L'Échoppe33

Talence — Culture

À Talence, une fresque redonne visage à six femmes de science oubliées

Sur le mur du jardin botanique de l'université de Bordeaux, près de l'école Joliot-Curie, six visages regardent désormais les passants.…

Rédaction L'Échoppe 33
22 juillet 2026 · 2 min de lecture
wall mural

Photo by Mike Von on Unsplash

Sur le mur du jardin botanique de l'université de Bordeaux, près de l'école Joliot-Curie, six visages regardent désormais les passants.
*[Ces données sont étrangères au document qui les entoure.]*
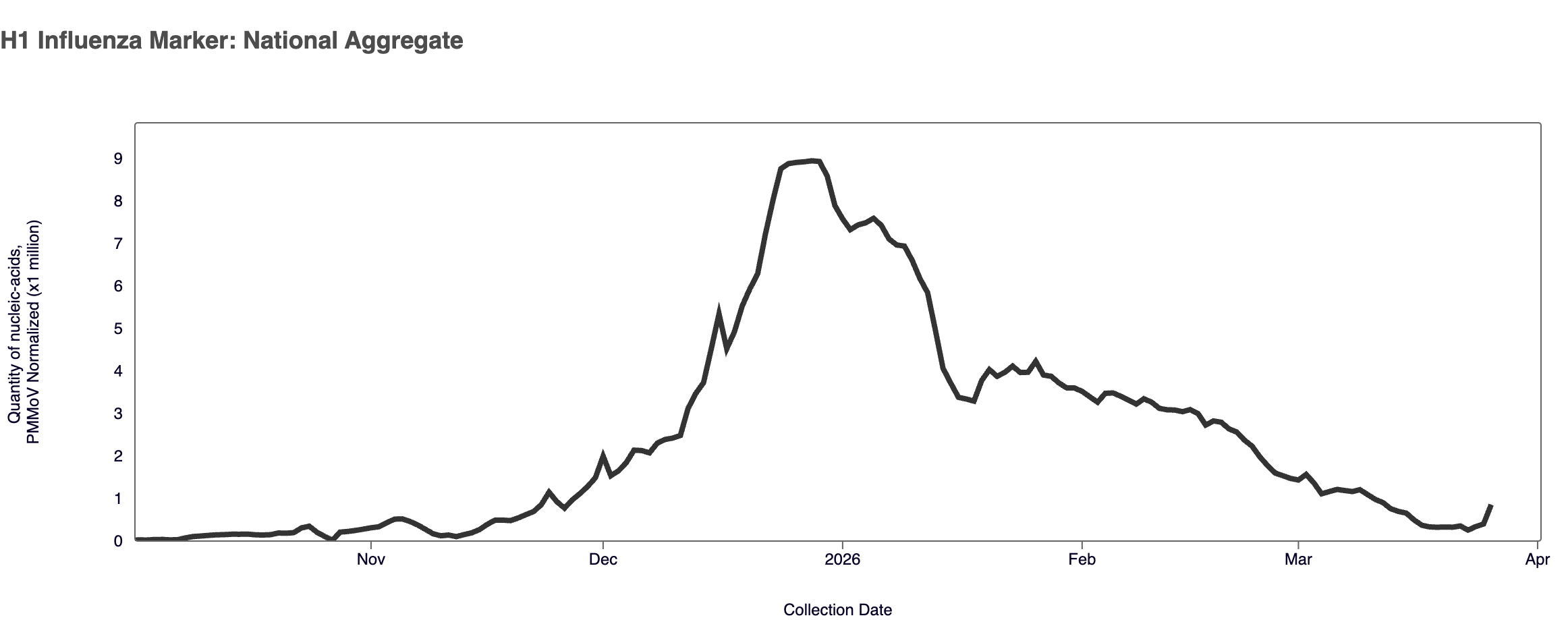 Plot shows last 6 months of data for the WWSCAN national aggregate of the H1 marker. Note the y-axis scale shows normalized wastewater concentrations for the H1 influenza marker.
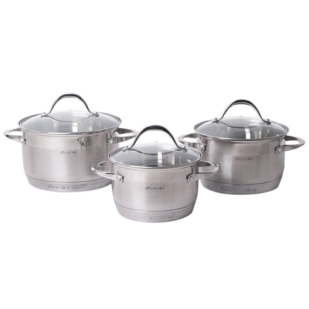 Набор из 3 кастрюль Kamille 1.8 л, 2.3л, 3.3л из нержавеющей стали с крышкой
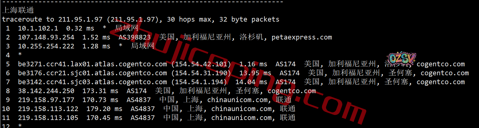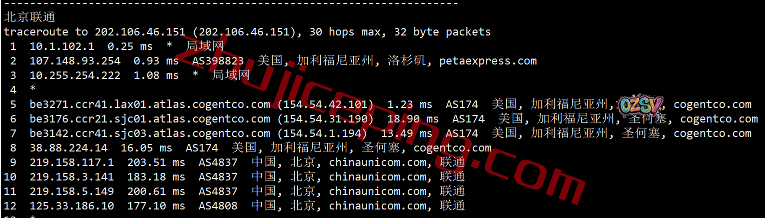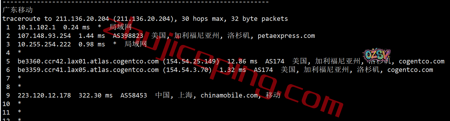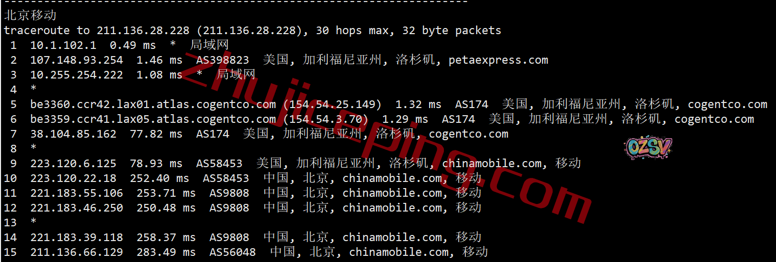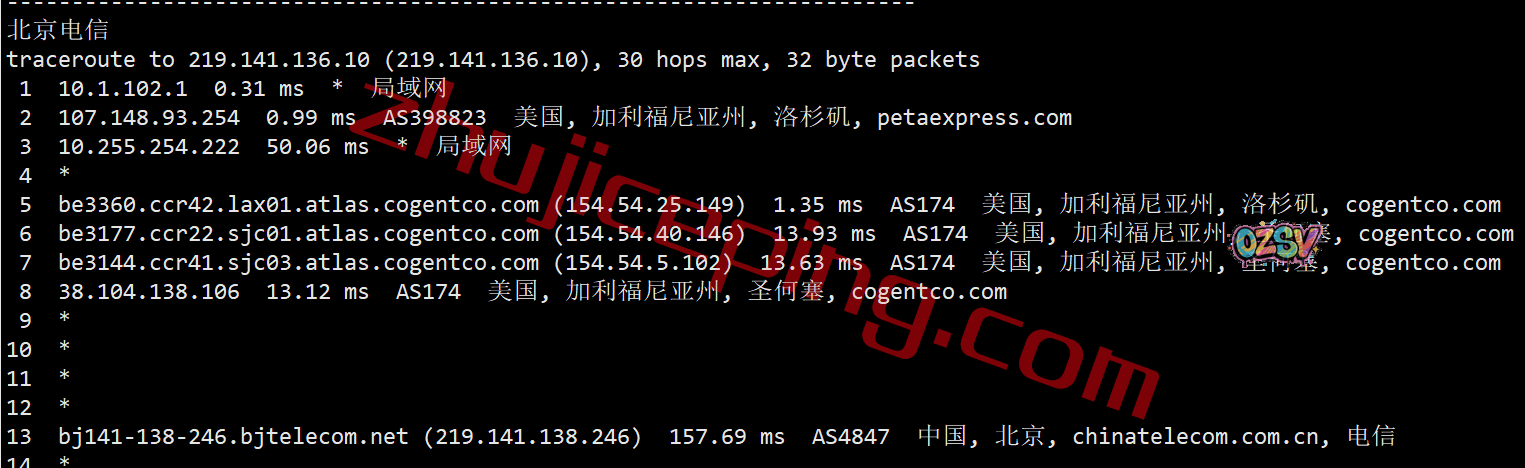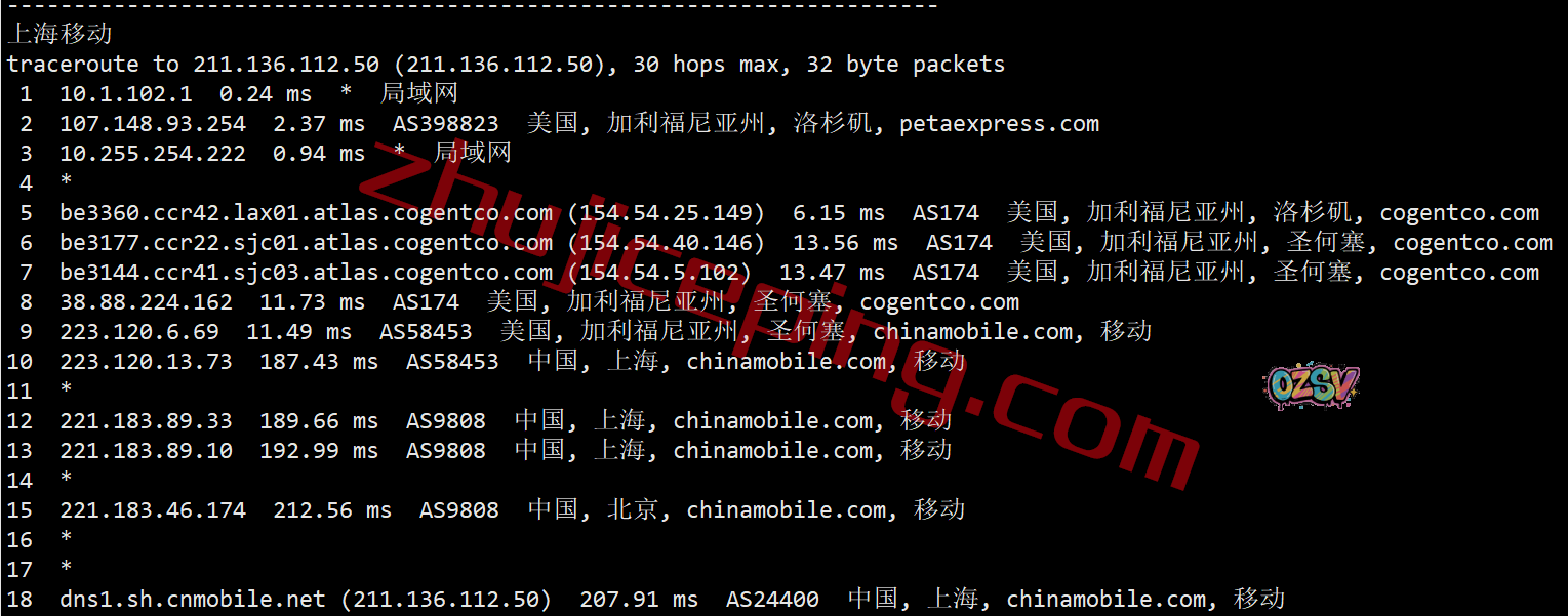 北京、上海方向:走cogent接移动洛杉矶/圣何塞节点后直连回国

Une sage-femme du XVIIIe siècle, une naturaliste autodidacte, une pionnière des soins infirmiers, deux mathématiciennes et une chimiste contemporaine composent une fresque tout juste achevée, lauréate de la sixième édition du budget participatif de la ville.

L'idée est née d'un habitant, porteur du projet dans le cadre de cette démarche qui permet chaque année aux Talençais de proposer et de voter pour des initiatives locales. Huit projets lauréats doivent être réalisés entre 2026 et 2027 selon la mairie, celui-ci étant l'un des premiers à sortir de terre, ou plutôt de mur.

Le choix des figures dépasse le simple hommage. Angélique du Coudray, sage-femme du XVIIIe siècle qui inventa un mannequin d'entraînement à l'accouchement et sillonna les campagnes pendant vingt-cinq ans ; Jeanne Villepreux-Power, inventrice de l'aquarium ; Anna Hamilton, qui fonda à Talence même, sur le domaine de Bagatelle, un hôpital et une école d'infirmières au début du XXe siècle ; Lucienne Félix, mathématicienne arrêtée et internée à Drancy sous Vichy pour ses origines juives ; Marguerite Chopinet, première femme astronome à l'observatoire de Floirac ; et Valérie Gabelica, chimiste toujours en activité à l'Institut européen de chimie et biologie de Bordeaux, lauréate du prix recherche de l'Inserm en 2022. Trois d'entre elles ont ainsi un ancrage direct dans la métropole bordelaise.

Derrière le choix de ces portraits, un constat chiffré. Selon l'Unesco, les femmes représentaient 31,1 % des chercheurs dans le monde en 2022, contre 29,4 % dix ans plus tôt ; en France, cette part tombe à 26 %, et le gouvernement s'est fixé l'objectif de porter à 30 % la proportion de filles dans chaque classe préparatoire scientifique d'ici 2030. Un écart que la mairie de Talence, qui multiplie depuis plusieurs années les initiatives autour des femmes scientifiques, entend combattre par la visibilité plutôt que par le seul discours.

La réalisation revient à l'artiste muraliste talençaise Mauna, connue pour des œuvres tissées avec le territoire et ses habitants, épaulée par une stagiaire, Allison David, et trois jeunes engagés dans un chantier d'insertion soutenu par le service municipal de l'emploi et les associations Frédéric Sévène et Réagir. Une manière de faire de cette peinture murale, financée par les Talençais eux-mêmes, un chantier autant social qu'artistique. Les sept autres projets du budget participatif restent, eux, à concrétiser d'ici 2027.